- _What needs to be done_
I need the lines below from the one with "Desde el mes" down to the one with "盧溝橋事件に端を発した日中戦" reproduced exactly, both ends included, and nothing else.

** Source data follows **

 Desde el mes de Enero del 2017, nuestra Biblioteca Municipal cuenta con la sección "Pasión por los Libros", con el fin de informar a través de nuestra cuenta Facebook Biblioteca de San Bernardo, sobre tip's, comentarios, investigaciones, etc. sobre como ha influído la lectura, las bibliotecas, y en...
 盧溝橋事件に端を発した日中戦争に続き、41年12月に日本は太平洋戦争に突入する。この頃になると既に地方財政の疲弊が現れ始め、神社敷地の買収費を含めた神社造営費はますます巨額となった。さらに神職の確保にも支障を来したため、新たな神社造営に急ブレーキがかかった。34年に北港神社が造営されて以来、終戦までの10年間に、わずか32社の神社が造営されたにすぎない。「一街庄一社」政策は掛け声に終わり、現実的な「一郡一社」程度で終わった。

** End of Source data **
** Source data follows **

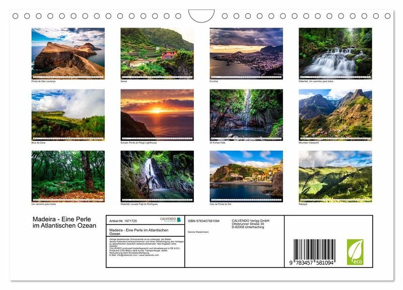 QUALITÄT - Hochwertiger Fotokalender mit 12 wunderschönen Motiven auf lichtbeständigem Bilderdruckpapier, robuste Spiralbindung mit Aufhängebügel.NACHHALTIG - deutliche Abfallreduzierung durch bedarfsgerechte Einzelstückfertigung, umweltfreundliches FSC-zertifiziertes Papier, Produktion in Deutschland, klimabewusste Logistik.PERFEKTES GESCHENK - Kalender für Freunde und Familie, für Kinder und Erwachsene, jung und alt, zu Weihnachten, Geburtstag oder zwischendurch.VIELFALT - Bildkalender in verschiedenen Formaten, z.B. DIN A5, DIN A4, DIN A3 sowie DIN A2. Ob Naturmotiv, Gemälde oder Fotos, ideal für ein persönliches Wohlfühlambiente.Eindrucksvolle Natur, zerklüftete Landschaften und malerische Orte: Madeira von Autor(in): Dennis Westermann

** End of Source data **

- _Output_
 Desde el mes de Enero del 2017, nuestra Biblioteca Municipal cuenta con la sección "Pasión por los Libros", con el fin de informar a través de nuestra cuenta Facebook Biblioteca de San Bernardo, sobre tip's, comentarios, investigaciones, etc. sobre como ha influído la lectura, las bibliotecas, y en...
 盧溝橋事件に端を発した日中戦争に続き、41年12月に日本は太平洋戦争に突入する。この頃になると既に地方財政の疲弊が現れ始め、神社敷地の買収費を含めた神社造営費はますます巨額となった。さらに神職の確保にも支障を来したため、新たな神社造営に急ブレーキがかかった。34年に北港神社が造営されて以来、終戦までの10年間に、わずか32社の神社が造営されたにすぎない。「一街庄一社」政策は掛け声に終わり、現実的な「一郡一社」程度で終わった。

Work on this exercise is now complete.